Our understanding of the biology, ecology, and evolution of microbial pathogens has improved immeasurably since the advent of widespread antibiotic use. If we can learn the lessons from our mistakes with antibiotic use, phage therapy and biocontrol could form an integral tool in the fight against bacterial infections that threaten human health and food production (Pirnay et al., 2012; Allen et al., 2013). For example, the falling costs of whole genome sequencing (Kisand and Lettieri, 2013) should make tracking the evolution and spread of resistance genes in a clinical setting easier and more accurate (Didelot et al., 2012). Furthermore, advances in metagenomics may make monitoring the effects of environmental perturbations on microbial communities feasible and allow researchers to track changes over long-time periods. An attractive avenue of research for pharmaceutical companies may be the use of phage lysins – enzymes that are capable of bursting bacterial cells open “from without.” Such an approach avoids the problems of infection kinetics mentioned previously and can have a broad-spectrum encompassing multiple strains of antibiotic resistant pathogens, such as MRSA and vancomycin intermediate Staphylococcus aureus (Gilmer et al., 2013). The downside is that lysins, unlike phages, lack the ability to counter evolve to pathogens.
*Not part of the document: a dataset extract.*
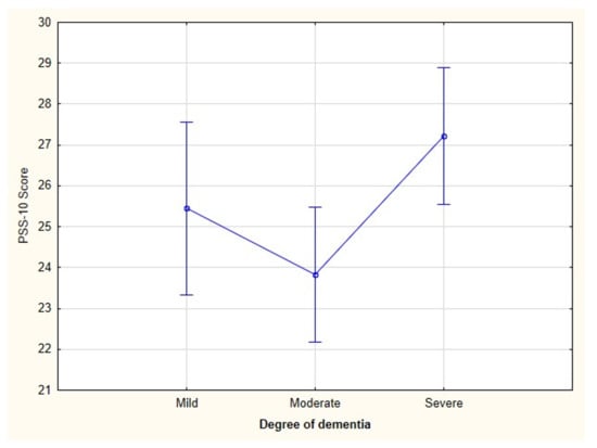 A one-way ANOVA with Scheffé’s post hoc test was conducted to test whether the degree of dementia influenced the PSS-10 scores. Caregivers of charges with moderate dementia scored lower on the PSS-10 compared with caregivers of charges with mild or severe dementia. The largest and statistically significant differences occurred between the moderate dementia and severe dementia groups (p = 0.019 and effect power = 0.72.) (Figure 2).

Microbial biofilms present a continued risk to healthcare as they may harbor bacteria in a less metabolically active state that survive antibiotic treatment (Oliver, 2010). Phages targeting biofilms in synchrony with antibiotics may form a novel strategy, although the inherent risks of HGT still remain. It may also be possible to circumvent this cycle of treatment, selection for resistance and re-infection through the use of “social disruption” treatments that reduce bacterial virulence without selecting for resistance (Boyle et al., 2013). Phages could play a role in the reduction of biofilm and public good production – one example is an engineered phage that expresses a biofilm-degrading enzyme (Lu and Collins, 2007). Whilst this is likely to reduce the fitness of bacterial populations, selection should be weaker than that of an antibiotic. Given the difficulties faced by clinicians in treating antibiotic-resistant infections and the urgency of finding alternative therapies, the prudent use of phages should be a priority. Nevertheless we have the tools to track resistance and simple measures such as providing a diverse set of phages for treatment could help. A seasonal-vaccine-like scheme could create a treatment program that is responsive to the evolution of resistance. In short, a very different model to that of our use of antibiotics.
Conflict of Interest Statement
The authors declare that the research was conducted in the absence of any commercial or financial relationships that could be construed as a potential conflict of interest.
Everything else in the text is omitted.